What is Autoimmune Epilepsy?
Autoimmune epilepsy occurs when the body’s immune system mistakenly attacks specific proteins or receptors in the brain, leading to seizures. This involves autoantibodies, proteins designed to protect the body. The International League Against Epilepsy (ILAE) recognized this direct link between immune disorders and seizures in 2017.
Beyond seizures, this condition can manifest with cognitive changes like memory loss and difficulties with thinking, as well as personality and behavioral issues. Common autoantibodies implicated target receptors such as N-methyl-D-aspartate receptor (NMDAR), leucine-rich glioma-inactivated protein 1 (LGI1), and glutamic acid decarboxylase 65 (GAD65). Early diagnosis and treatment are important for managing symptoms.
Understanding the Electroencephalogram (EEG)
An electroencephalogram, or EEG, is a non-invasive medical test that measures the electrical activity of the brain. During the procedure, small metal discs, called electrodes, are placed on the scalp. These electrodes detect the tiny electrical impulses that brain cells use to communicate with each other.
The electrical signals picked up by the electrodes are sent to an EEG machine, which amplifies them and records them as wavy lines on a computer screen.

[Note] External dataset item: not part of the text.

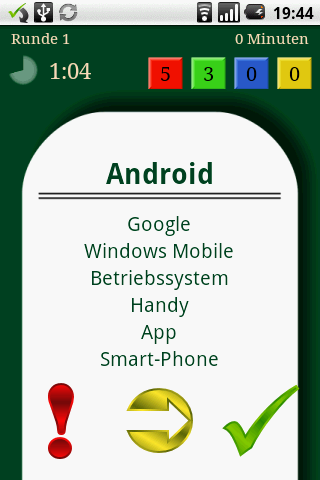 Tabu!Droid beinhaltet neben dem klassischen Team-Modus auch noch einen "Jeder gegen jeden"-Modus, so dass nun endlich auch zu dritt gespielt werden kann.

This visual representation, known as brain waves, allows healthcare providers to observe patterns of brain activity. An EEG can help detect abnormal electrical patterns that may indicate neurological conditions.
EEG Patterns in Autoimmune Epilepsy
While an EEG is a valuable tool for evaluating seizure activity, the patterns observed in autoimmune epilepsy are often non-specific. An EEG may show various findings, including focal slowing, generalized slow activity, or epileptiform discharges, which are abnormal electrical spikes or sharp waves. However, these patterns are not unique to autoimmune epilepsy and can be present in other forms of epilepsy or brain dysfunction.
While a specific EEG pattern called “extreme delta brush” has been reported in some cases of anti-NMDAR encephalitis, it is not common. A normal EEG does not rule out autoimmune epilepsy. Many patients with autoimmune epilepsy may have normal EEG findings, especially early in the disease course.
A Holistic Approach to Diagnosis
Given that EEG findings in autoimmune epilepsy can be non-specific, a comprehensive diagnostic approach is necessary. This involves integrating clinical presentation, specialized laboratory tests, and brain imaging. Patient history and symptoms, such as the type and frequency of seizures, cognitive changes, or psychiatric symptoms, provide initial clues.
Specialized blood tests and cerebrospinal fluid (CSF) analysis detect specific autoantibodies targeting brain proteins. However, up to half of patients may not have detectable antibodies. Brain imaging, such as magnetic resonance imaging (MRI), can reveal inflammatory changes or atrophy, though MRI findings can also be normal, especially early on. Positron emission tomography (PET) scans can be more sensitive in detecting focal abnormalities than EEG or MRI. In some cases, a trial of immunotherapy is considered, as a positive response supports an autoimmune etiology.